Justin Pelis Finds Purpose at Look Park

By Melissa Karen Sances | Photos by Nikki Gardner Studio
Published In Northampton Living | May 2026

Justin Pelis has spent a lifetime at Look Park. Now the executive director of the city’s beloved green space, he remembers childhood visits with his grandfather, who introduced him to sprawling trees and hickory nuts.

“I have a vivid memory of him trying to collect the hickory nuts to eat,” he said with a laugh. “There’s barely anything in those things.”

Pelis got a taste for landscaping and maintenance at age 11, when he worked his first summer job at the former Pine Grove Golf Course in Northampton.

The owners, who didn’t have children, took Pelis under their wing.

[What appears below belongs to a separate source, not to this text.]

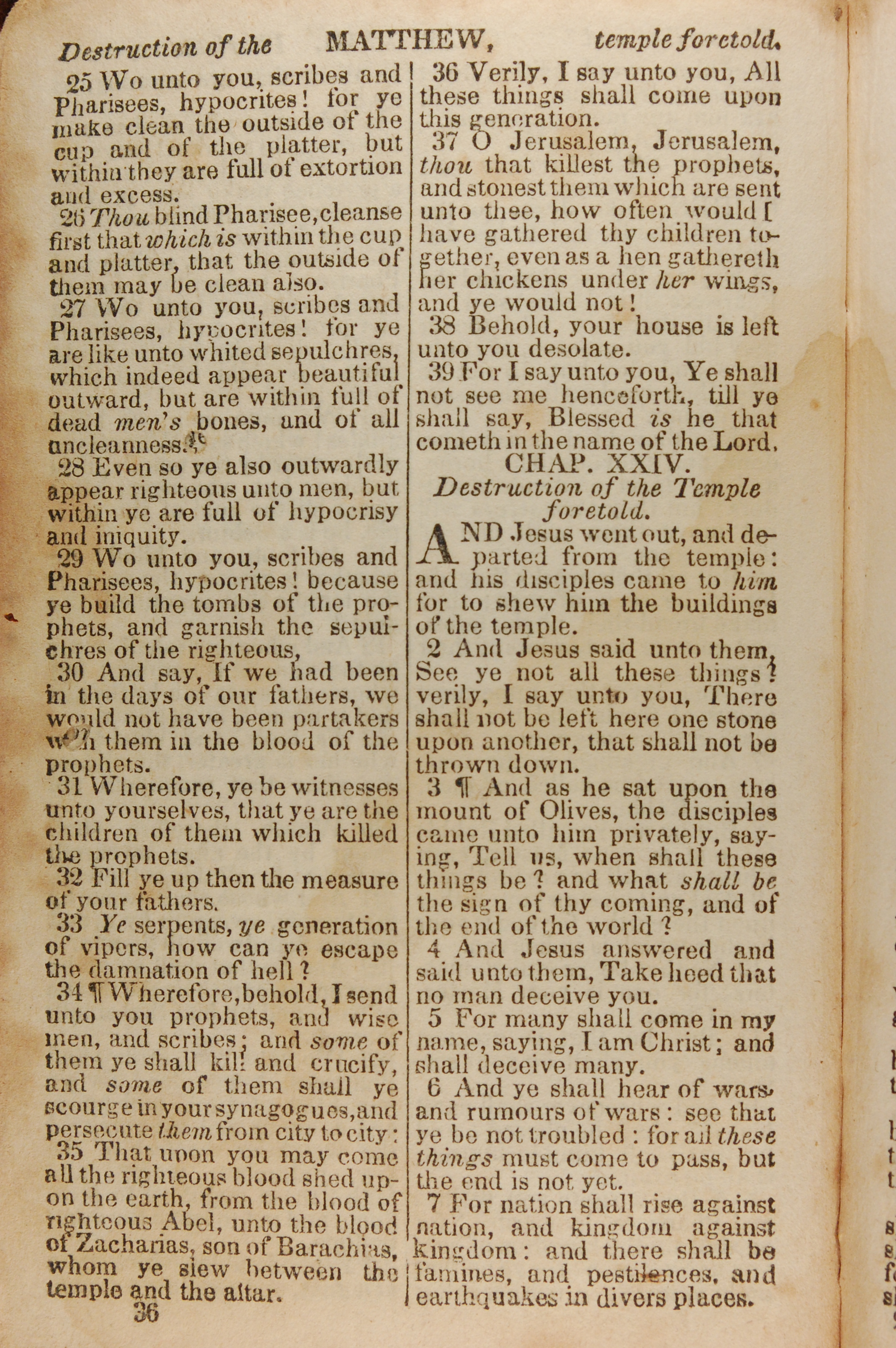 1843年The New Testament 馬太福音 23 章 25 節到 24 章 7 節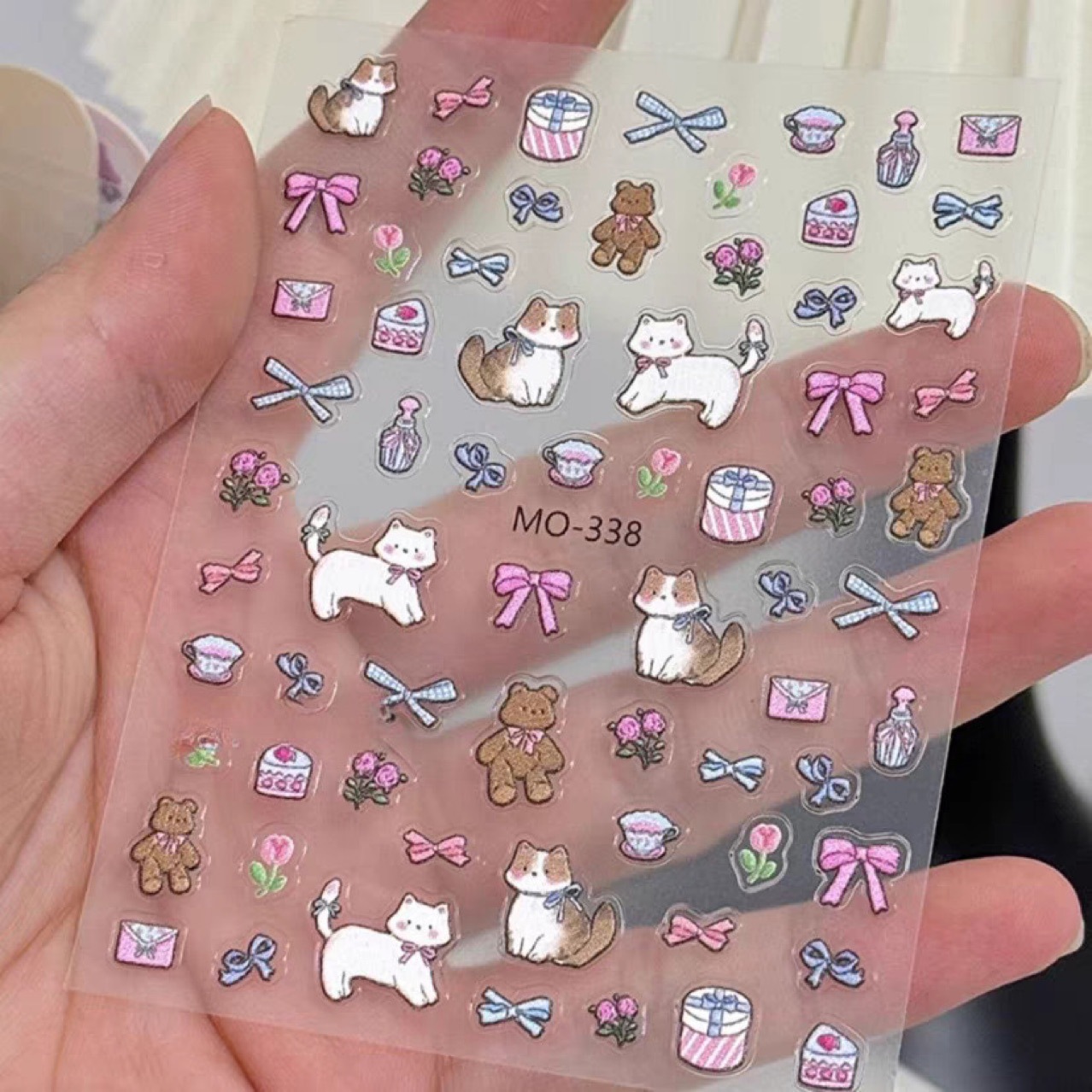 新品蝶結び猫ネイルステッカー柴犬萌え犬花乙女心インスタ风diyデコレーション3dステッカー

“I felt like I was part-owner,” he remembered. “It was a really rewarding part of my life growing up in that business and seeing how hard they worked.”

After college at the Isenberg School of Management at UMass Amherst, he thought he might take on the corporate world. But while in Boston, he spent most of his time at the Boston Common, a 50-acre park that spans downtown. So he returned to his roots.

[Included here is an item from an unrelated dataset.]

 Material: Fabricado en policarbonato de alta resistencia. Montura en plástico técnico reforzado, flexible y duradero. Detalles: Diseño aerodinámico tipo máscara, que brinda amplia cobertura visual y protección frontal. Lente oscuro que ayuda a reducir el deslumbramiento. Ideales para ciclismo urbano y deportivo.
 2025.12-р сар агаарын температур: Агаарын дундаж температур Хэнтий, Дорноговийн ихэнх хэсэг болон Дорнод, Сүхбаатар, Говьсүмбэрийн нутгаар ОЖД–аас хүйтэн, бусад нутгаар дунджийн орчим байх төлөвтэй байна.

At UMass Amherst's Stockbridge School of Agriculture, he studied horticulture and enjoyed mentoring students coming out of high school.

In 2003, Pelis opened North Country Landscapes in Westhampton, where he developed a garden center and maximized his passion for growth for 15 years.

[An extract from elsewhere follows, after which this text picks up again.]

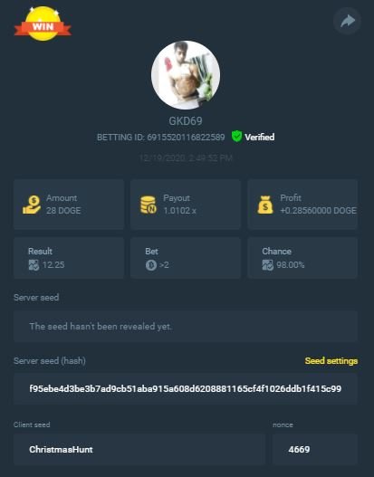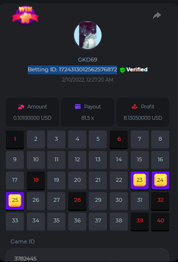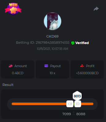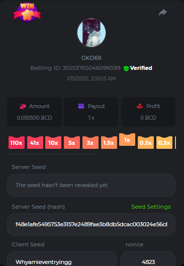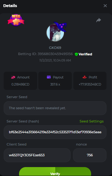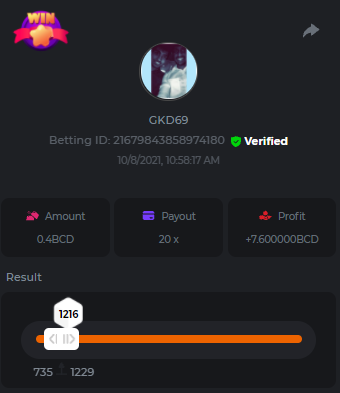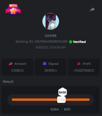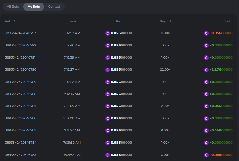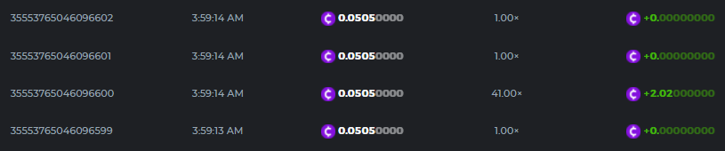 6. Bet ID: #21679843858974155 (10x) Bet ID: #21679843858974180 (20x) Bet ID: #21679843858974264 (30x) Bet ID: #21679843858974285 (40x - Not sure why it always shows me only 39.9193x O.o) Bet ID: #21679843858974292 (50x)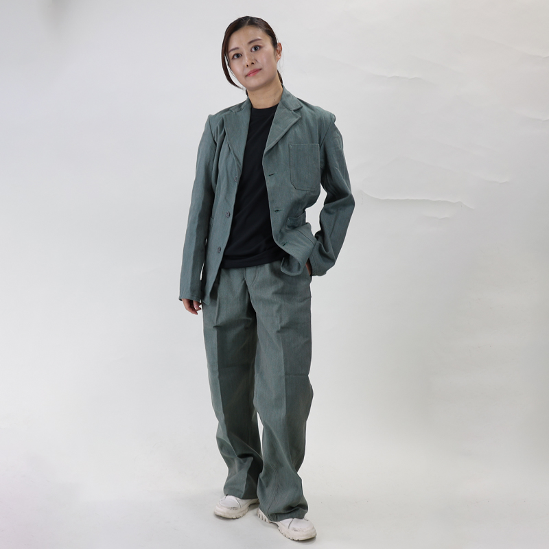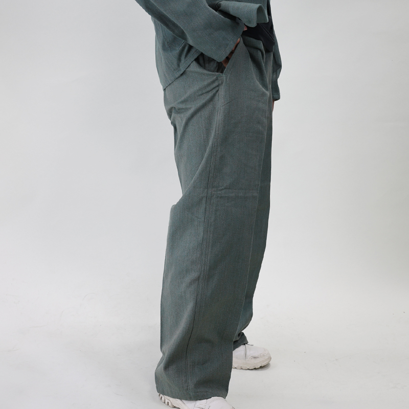スタイルとしてはタックがあり、作業しやすいよう太めのシルエットになっています。

In 2018 Look Park offered him a position as the Director of Facilities and Maintenance, and he made the difficult decision to leave his business and, in a way, go back to the beginning.

One of the things he loves most about the 153-acre park is its intergenerational appeal.

“We see many parents pushing their children in strollers, and later those same kids are running around on the playgrounds. Years later, many return as high school students to take on their very first job here. We watch couples get married here, and eventually, as seniors, they can be seen strolling along the numerous pathways.”

Pelis, who became the interim executive director in 2022 and is now the executive director, loves that his job imbues him with purpose.

“You can take a break and take a walk and say hi to your patrons and donors,” he said. “I don’t feel like it’s a job, it’s a lifestyle.”

“There's a little bit of everything for everyone,” he said, in a park that includes wooded spaces, Willow Lake, the Pines Theater, picnic sites, playgrounds, a steamer train and the beloved Garden House.

It’s a unique place with a unique back story – and it’s almost 100 years old.

Fannie Burr Look gifted the park to the community in memory of her late husband, and the park opened to about 10,000 people in 1930.

Pelis said that about 500,000 people come through the park each year, and that multiple events bring in thousands of people at once. Look Park is already planning for its centennial celebration in 2030.

The park works with hundreds of nonprofits per year to hold events in all seasons.

“The more you give back, the more you receive,” said Pelis, who teaches a year-round landscape course at the Hampshire County Jail and House of Corrections. “You’re not going to affect everybody, but if you just change one person’s life, you can make a difference.”

He also serves as the treasurer at the Stavros Center for Independent Living in Amherst, where his mother both worked and received services.

The center will hold a “Rock, Roll and Stroll” event at Look Park on July 25.

Other upcoming events include the Look Park Springtacular Festival on May 30 and the Franklin King Children’s Series from June 23 to August 4. More information can be found at lookpark.org.

Look Park is accessible on foot, by bike, by car and by bus to local, national and international visitors who come to “take a little day vacation.”

“It's a really important asset to western Mass,” said Pelis.